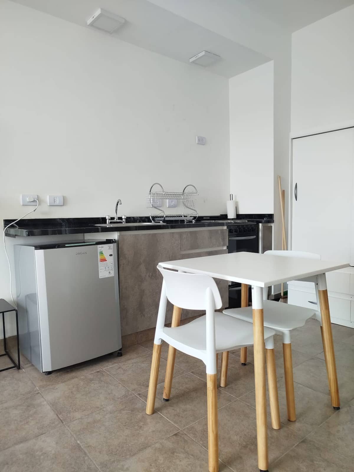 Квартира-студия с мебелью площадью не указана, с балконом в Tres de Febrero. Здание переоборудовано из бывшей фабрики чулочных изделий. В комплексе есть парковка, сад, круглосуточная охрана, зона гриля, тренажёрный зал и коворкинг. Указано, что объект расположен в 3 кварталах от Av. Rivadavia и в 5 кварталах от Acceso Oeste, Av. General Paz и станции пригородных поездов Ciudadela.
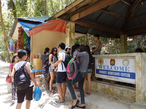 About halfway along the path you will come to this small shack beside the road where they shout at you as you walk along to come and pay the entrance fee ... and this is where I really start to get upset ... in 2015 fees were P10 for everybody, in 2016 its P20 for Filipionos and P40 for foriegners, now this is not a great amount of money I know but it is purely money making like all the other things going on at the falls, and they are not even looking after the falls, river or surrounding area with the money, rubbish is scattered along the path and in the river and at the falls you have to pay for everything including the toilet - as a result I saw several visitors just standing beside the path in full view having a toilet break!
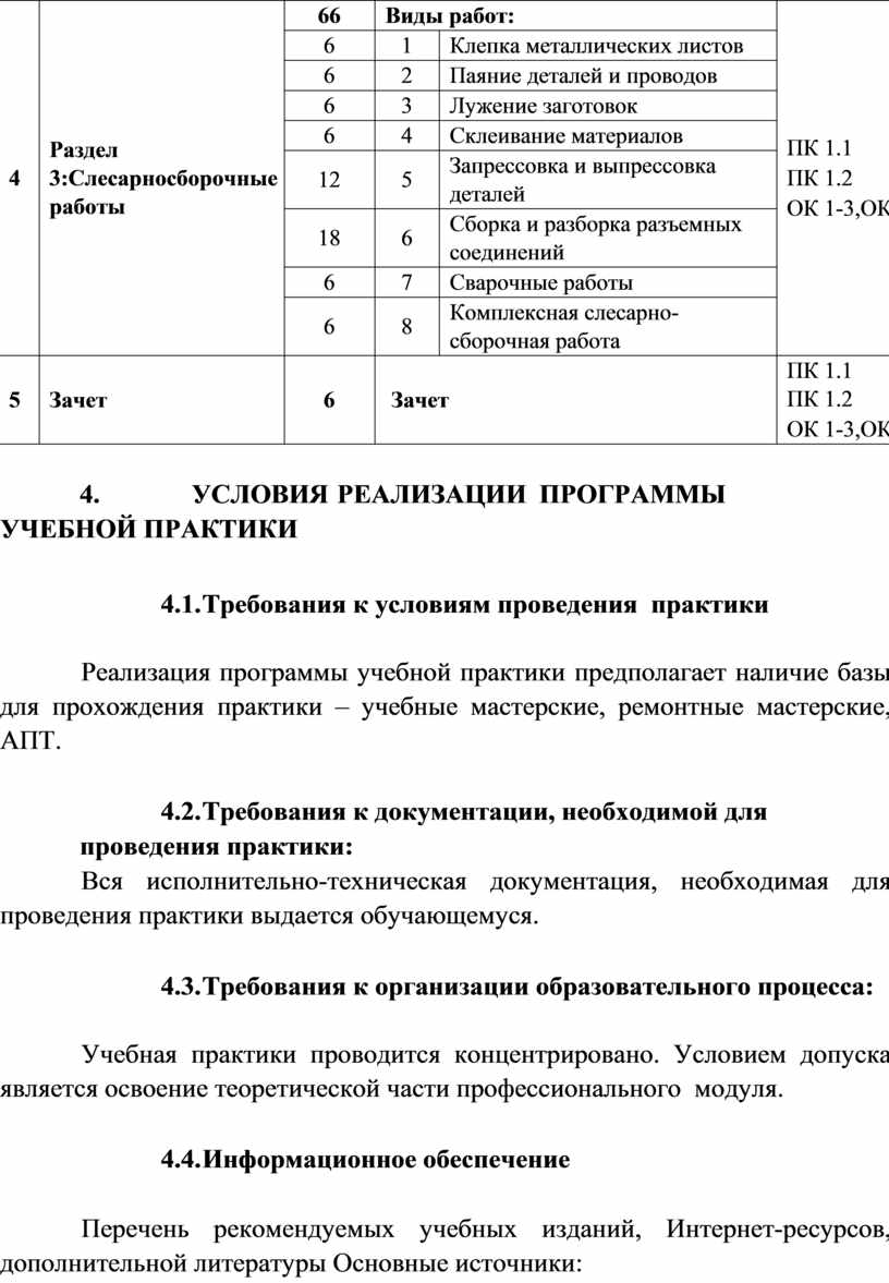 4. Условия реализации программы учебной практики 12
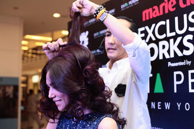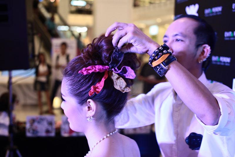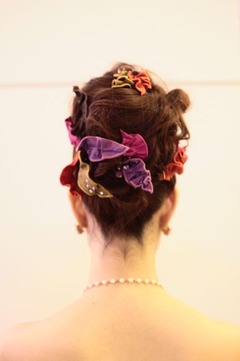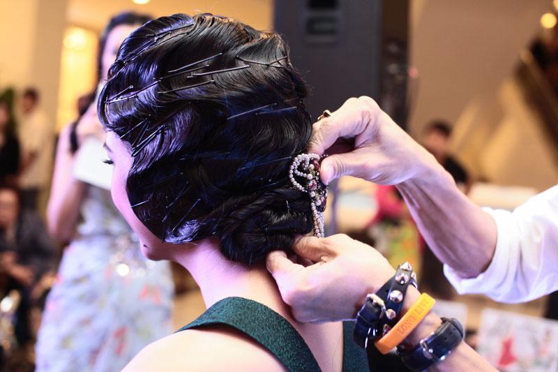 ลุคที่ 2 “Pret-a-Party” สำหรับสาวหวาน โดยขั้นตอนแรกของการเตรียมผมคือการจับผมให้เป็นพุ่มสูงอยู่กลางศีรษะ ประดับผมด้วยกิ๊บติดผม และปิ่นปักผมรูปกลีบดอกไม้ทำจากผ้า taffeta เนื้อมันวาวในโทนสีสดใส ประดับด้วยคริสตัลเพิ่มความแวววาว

+===+

● Task description
Could you restate the material word for word, omitting the pictures?

● Answer box
 Квартира-студия с мебелью площадью не указана, с балконом в Tres de Febrero. Здание переоборудовано из бывшей фабрики чулочных изделий. В комплексе есть парковка, сад, круглосуточная охрана, зона гриля, тренажёрный зал и коворкинг. Указано, что объект расположен в 3 кварталах от Av. Rivadavia и в 5 кварталах от Acceso Oeste, Av. General Paz и станции пригородных поездов Ciudadela.
 About halfway along the path you will come to this small shack beside the road where they shout at you as you walk along to come and pay the entrance fee ... and this is where I really start to get upset ... in 2015 fees were P10 for everybody, in 2016 its P20 for Filipionos and P40 for foriegners, now this is not a great amount of money I know but it is purely money making like all the other things going on at the falls, and they are not even looking after the falls, river or surrounding area with the money, rubbish is scattered along the path and in the river and at the falls you have to pay for everything including the toilet - as a result I saw several visitors just standing beside the path in full view having a toilet break!
 4. Условия реализации программы учебной практики 12
 ลุคที่ 2 “Pret-a-Party” สำหรับสาวหวาน โดยขั้นตอนแรกของการเตรียมผมคือการจับผมให้เป็นพุ่มสูงอยู่กลางศีรษะ ประดับผมด้วยกิ๊บติดผม และปิ่นปักผมรูปกลีบดอกไม้ทำจากผ้า taffeta เนื้อมันวาวในโทนสีสดใส ประดับด้วยคริสตัลเพิ่มความแวววาว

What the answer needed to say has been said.